/ SEZARY SYNDROME. SEVEN YEARS FOLLOW UP OF A PATIENT WITH ERYTHRODERMA, DIFFUSE ALOPECIA, PALMO-PLANTAR KERATODERMA, AND LIMPH NODES INVOLVEMENT

Clinical cases

MIHAIL-ALEXANDRU BADEA, ELENA-GABRIELA STRETE, MARIA-RALUCA TOPLICEANU, LAURA BANIAS, EMOKE HORVATH, SIMONA GURZU, DORIANA IANCU, RAUL GHERASIM, LAURIAN STEFAN MAXIM

SEZARY SYNDROME. SEVEN YEARS FOLLOW UP OF A PATIENT WITH ERYTHRODERMA, DIFFUSE ALOPECIA, PALMO-PLANTAR KERATODERMA, AND LIMPH NODES INVOLVEMENT

Summary

Sezary Syndrome (SS) represents the leukemic variant of the cutanaeus T-cell lymphoma (CTCL). It is the most aggressive form cu cutaneous lymphoma with an annual at 1/10,000 and comprises 3% of all cases of CTCL. The onset of the disease often occurs with rapid onset of erythemato-squamous plaques accompanied by severe itching that mimic eczema, psoriasis or drug skin reactions. We present the clinical course of 65-year-old patient diagnosed with Sezary syndrome and followed for seven years.

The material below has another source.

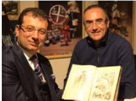
Ekrem İmamoğlu @ekrem_imamoglu

Beylikdüzü Belediye Başkanı Ekrem İmamoğ- lu, Sunay Akın ile buluşmasındaki sürprizi takipçileriyle paylaştı.

He was admitted for a skin eruption composed of large erythematous plaques with fine scale, highly pruritic that involved the head, the trunk and the root of the limbs. We noted also associated fissured plaques of the palms and soles, onycholysis, axillar and inguinal polyadenopathy, physical asthenia and inappetence. Repeated previous biopsies reported nonspecific histopathological changes. A new cutaneous biopsy revealed an inflammatory lympho-histiocytic infiltrate in the papillary and the reticular dermis disposed in dense perivascular aggregations with ascending solitary lymphocytes in the basal layer and the formation of rare intraepidermic nests. Lymphocytes observed at the interstitial level were small and medium in size, with enlarged, polyhedral and irregularly contoured nuclei. A peripheral blood flow cytometry was performed which detected the presence of a lymphocyte clone with identical phenotype to that found in the cutaneous biopsies. A lymph node biopsy, revealed a disrupted microscopic architecture, proliferation of medium to large-sized cells with irregular nuclear contours, hyperchromatic or vesicular nuclei, prominent nucleoli, and atypical mitoses. However, residual lymphoid follicles could be occasionally observed. After the diagnosis, the patient was treated with different agents according to the status like chemotherapy, adjuvant treatment, retinoids. Local treatment consisted in topical steroids, UVB nb and PUVA. Due to multiple organ involvement, the patient died seven years after the diagnosis of SS was performed. This aspect is highly particular for this case, according to the literature data the medium life expectancy after the diagnosis of SS is about 2 years.